### Assignment:
In the records below, reproduce exactly the lines from the one containing "- Professional &" through the one containing "Pioni pendel L", both included, and omit the pictures.

### Records for this task:
+ + + + +

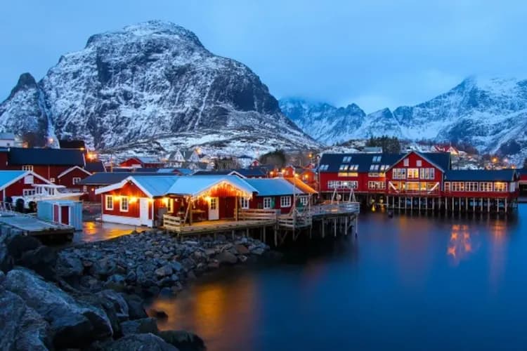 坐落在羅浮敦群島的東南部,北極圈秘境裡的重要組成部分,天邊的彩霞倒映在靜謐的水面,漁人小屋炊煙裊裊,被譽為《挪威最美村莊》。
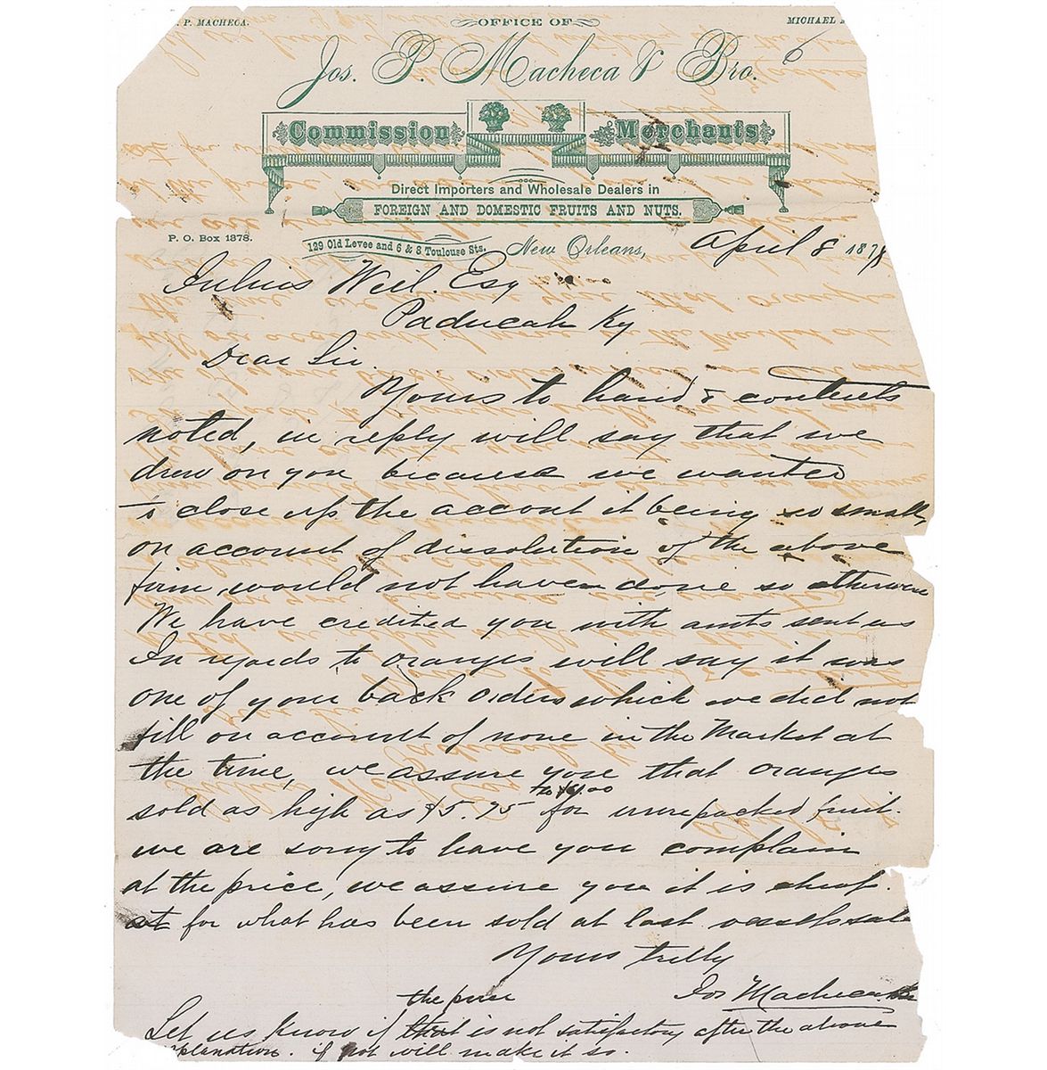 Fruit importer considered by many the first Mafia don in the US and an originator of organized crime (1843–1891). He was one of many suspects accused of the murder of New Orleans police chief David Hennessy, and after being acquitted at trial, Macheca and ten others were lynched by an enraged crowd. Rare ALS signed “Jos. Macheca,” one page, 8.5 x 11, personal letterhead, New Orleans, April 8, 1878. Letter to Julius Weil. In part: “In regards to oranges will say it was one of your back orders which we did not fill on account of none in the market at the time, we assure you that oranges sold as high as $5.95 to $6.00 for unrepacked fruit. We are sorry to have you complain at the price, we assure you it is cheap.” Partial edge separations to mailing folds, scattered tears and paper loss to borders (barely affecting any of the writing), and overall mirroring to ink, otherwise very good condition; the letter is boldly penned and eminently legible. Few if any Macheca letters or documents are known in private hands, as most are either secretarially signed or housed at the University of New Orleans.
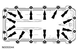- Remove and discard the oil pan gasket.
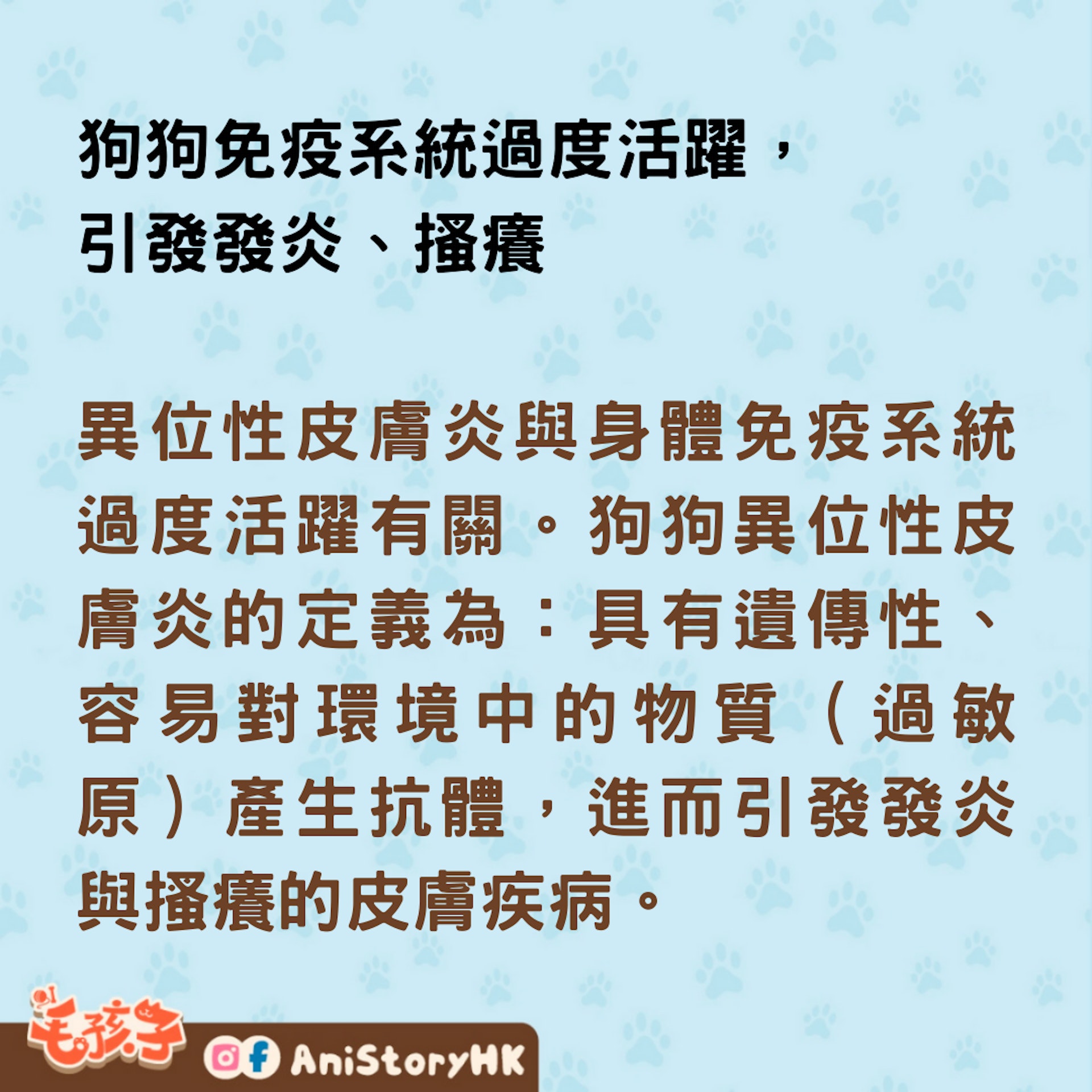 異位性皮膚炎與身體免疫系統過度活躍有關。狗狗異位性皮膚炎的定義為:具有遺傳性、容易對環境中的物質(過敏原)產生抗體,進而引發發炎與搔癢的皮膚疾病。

+ + + + +

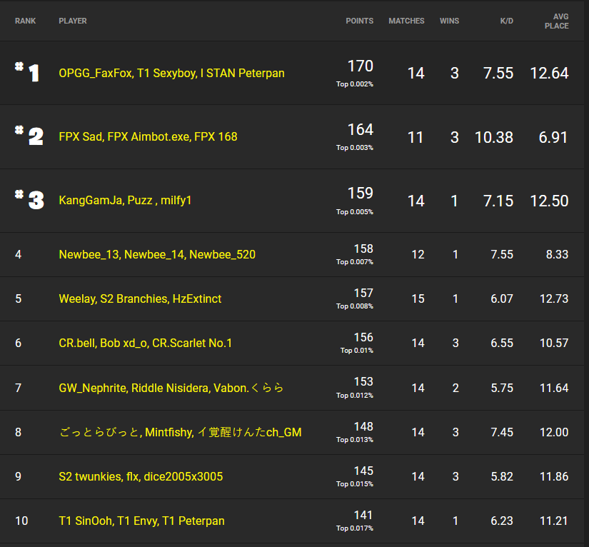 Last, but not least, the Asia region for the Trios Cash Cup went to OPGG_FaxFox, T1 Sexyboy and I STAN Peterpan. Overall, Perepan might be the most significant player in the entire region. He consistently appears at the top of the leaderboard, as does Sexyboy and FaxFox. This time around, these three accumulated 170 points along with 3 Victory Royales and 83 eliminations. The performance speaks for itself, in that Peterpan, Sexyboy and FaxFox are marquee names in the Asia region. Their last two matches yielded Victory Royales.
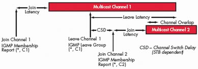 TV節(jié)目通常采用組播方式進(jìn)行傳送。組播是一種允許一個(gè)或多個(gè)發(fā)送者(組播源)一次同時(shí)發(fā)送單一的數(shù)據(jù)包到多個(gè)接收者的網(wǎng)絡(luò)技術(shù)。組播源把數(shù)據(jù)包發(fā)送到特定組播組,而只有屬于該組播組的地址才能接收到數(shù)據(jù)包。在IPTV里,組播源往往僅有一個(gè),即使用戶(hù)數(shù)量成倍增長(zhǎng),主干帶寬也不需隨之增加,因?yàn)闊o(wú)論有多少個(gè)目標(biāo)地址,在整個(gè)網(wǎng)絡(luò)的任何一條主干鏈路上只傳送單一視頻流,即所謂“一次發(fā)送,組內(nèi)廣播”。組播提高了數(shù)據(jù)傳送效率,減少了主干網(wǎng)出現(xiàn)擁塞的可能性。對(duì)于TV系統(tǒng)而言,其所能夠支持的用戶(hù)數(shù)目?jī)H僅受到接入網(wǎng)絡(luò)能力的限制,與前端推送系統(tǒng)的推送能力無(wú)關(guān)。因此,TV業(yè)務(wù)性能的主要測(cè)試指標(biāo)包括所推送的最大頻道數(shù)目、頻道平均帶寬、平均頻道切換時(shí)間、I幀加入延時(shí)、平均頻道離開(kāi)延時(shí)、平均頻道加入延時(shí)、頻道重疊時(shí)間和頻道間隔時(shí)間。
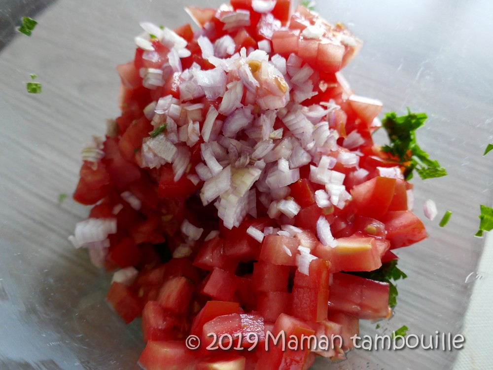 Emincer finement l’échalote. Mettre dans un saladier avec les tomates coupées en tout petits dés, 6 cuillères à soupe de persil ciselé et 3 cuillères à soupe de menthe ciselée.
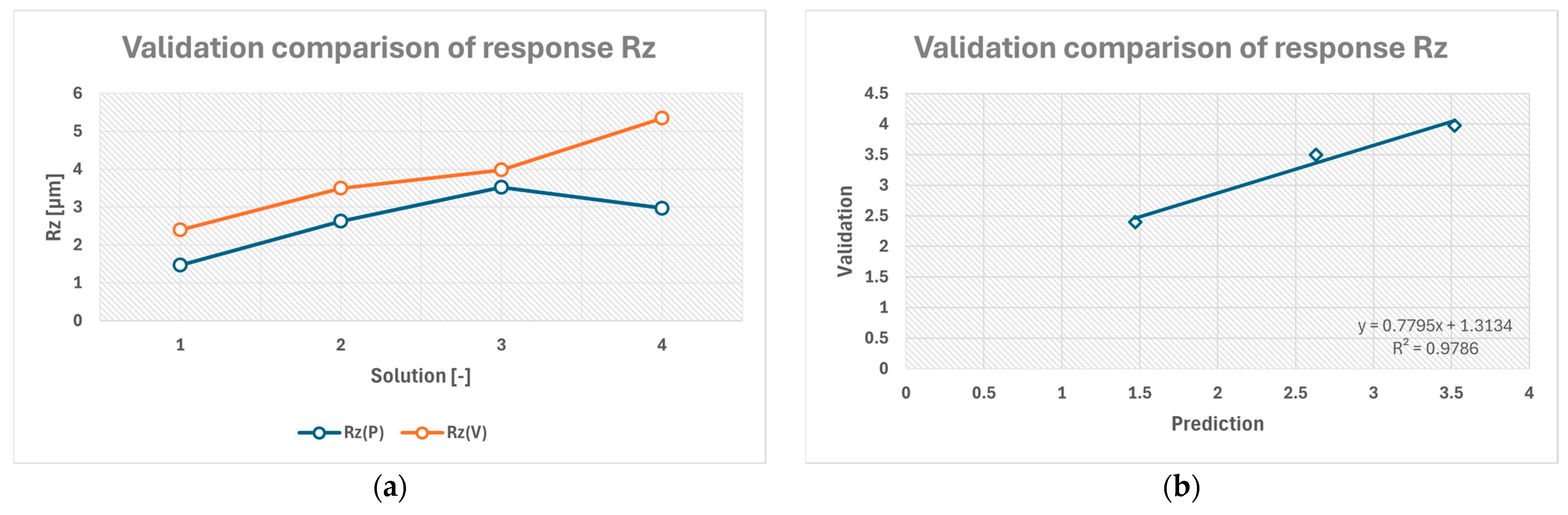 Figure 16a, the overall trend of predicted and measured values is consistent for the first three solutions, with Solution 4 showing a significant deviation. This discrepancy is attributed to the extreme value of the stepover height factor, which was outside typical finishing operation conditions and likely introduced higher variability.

+ + + + +

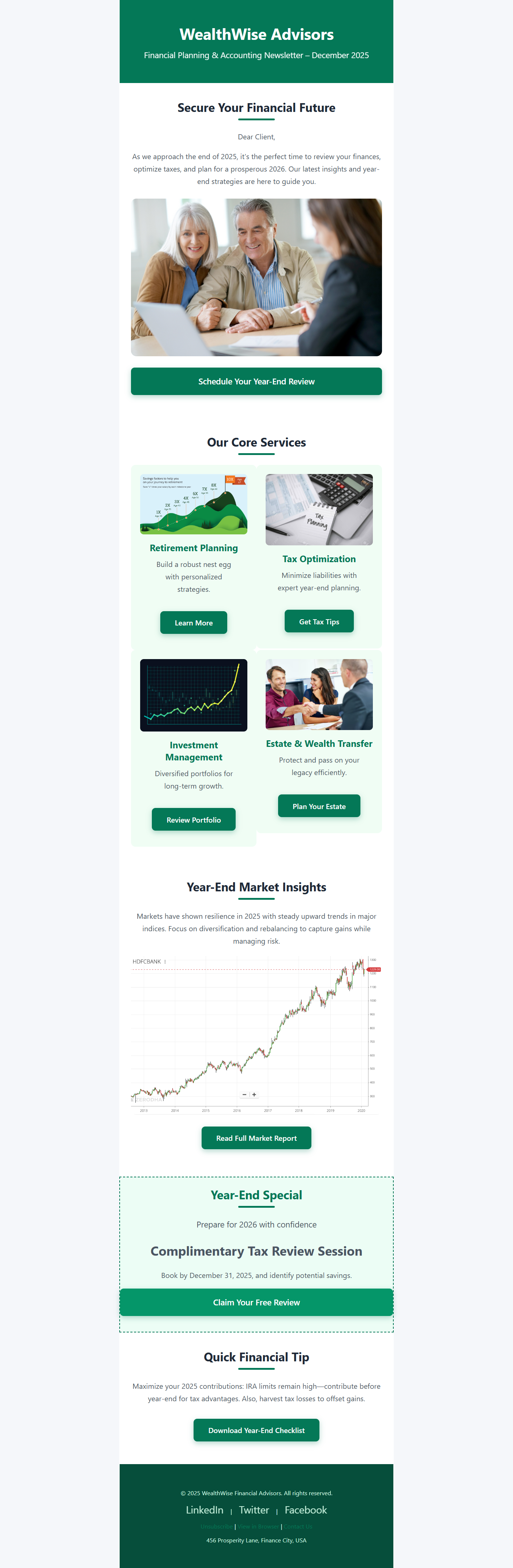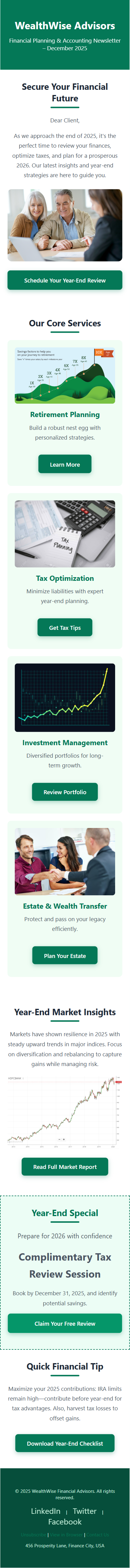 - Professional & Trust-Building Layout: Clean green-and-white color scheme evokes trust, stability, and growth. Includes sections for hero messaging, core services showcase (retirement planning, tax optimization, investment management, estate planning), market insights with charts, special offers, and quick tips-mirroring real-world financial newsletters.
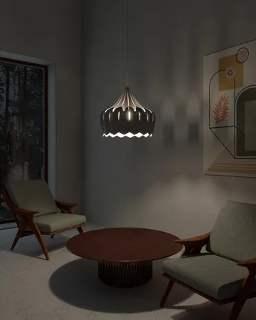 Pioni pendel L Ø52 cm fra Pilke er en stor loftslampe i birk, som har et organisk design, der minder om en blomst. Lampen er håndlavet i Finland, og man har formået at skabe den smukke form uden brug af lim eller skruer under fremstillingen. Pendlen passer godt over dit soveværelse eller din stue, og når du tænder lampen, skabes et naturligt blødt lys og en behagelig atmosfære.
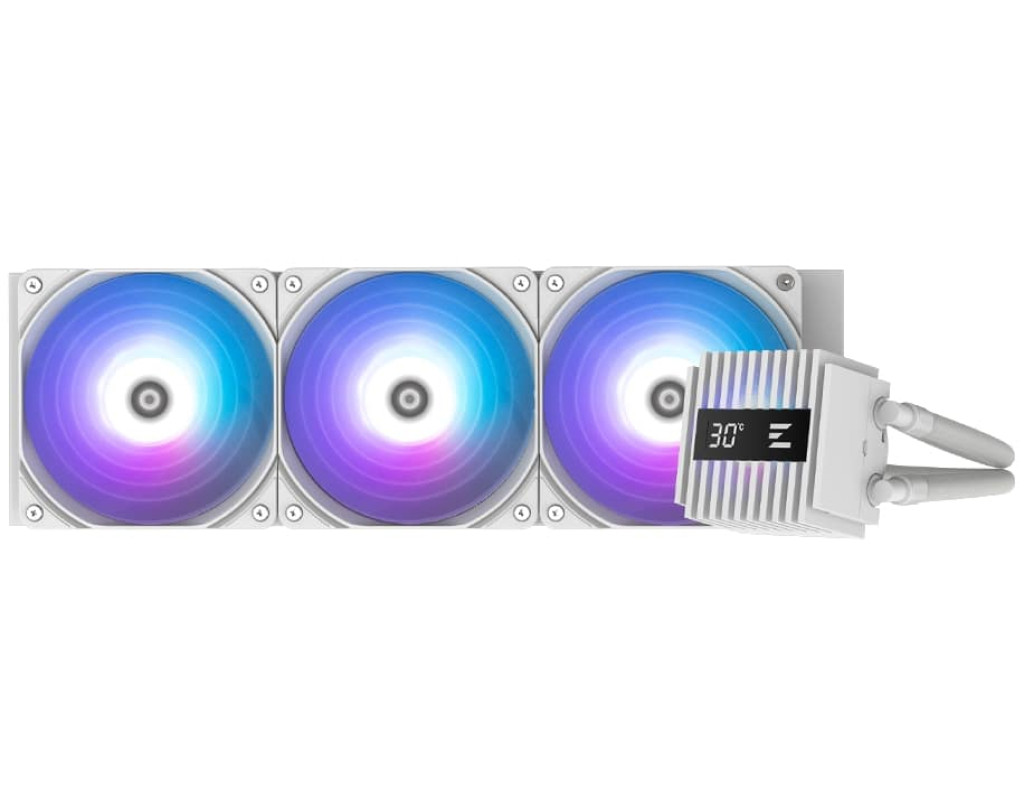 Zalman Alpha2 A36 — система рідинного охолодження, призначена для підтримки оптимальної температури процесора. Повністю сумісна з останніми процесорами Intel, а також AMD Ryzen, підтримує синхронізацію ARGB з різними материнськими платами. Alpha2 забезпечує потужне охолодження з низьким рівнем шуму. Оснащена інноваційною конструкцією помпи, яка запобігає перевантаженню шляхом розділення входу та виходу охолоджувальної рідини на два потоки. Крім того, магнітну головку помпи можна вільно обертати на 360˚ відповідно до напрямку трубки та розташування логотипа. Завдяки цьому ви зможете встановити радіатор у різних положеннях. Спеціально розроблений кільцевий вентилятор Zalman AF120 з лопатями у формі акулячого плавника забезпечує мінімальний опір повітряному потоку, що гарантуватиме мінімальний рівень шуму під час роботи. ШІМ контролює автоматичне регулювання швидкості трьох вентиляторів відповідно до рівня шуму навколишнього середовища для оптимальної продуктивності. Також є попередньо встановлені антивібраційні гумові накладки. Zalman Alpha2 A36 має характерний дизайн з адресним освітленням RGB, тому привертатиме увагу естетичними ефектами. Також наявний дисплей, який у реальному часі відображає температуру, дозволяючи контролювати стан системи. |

+ + + + +

### Solution below:
 - Professional & Trust-Building Layout: Clean green-and-white color scheme evokes trust, stability, and growth. Includes sections for hero messaging, core services showcase (retirement planning, tax optimization, investment management, estate planning), market insights with charts, special offers, and quick tips-mirroring real-world financial newsletters.
 Pioni pendel L Ø52 cm fra Pilke er en stor loftslampe i birk, som har et organisk design, der minder om en blomst. Lampen er håndlavet i Finland, og man har formået at skabe den smukke form uden brug af lim eller skruer under fremstillingen. Pendlen passer godt over dit soveværelse eller din stue, og når du tænder lampen, skabes et naturligt blødt lys og en behagelig atmosfære.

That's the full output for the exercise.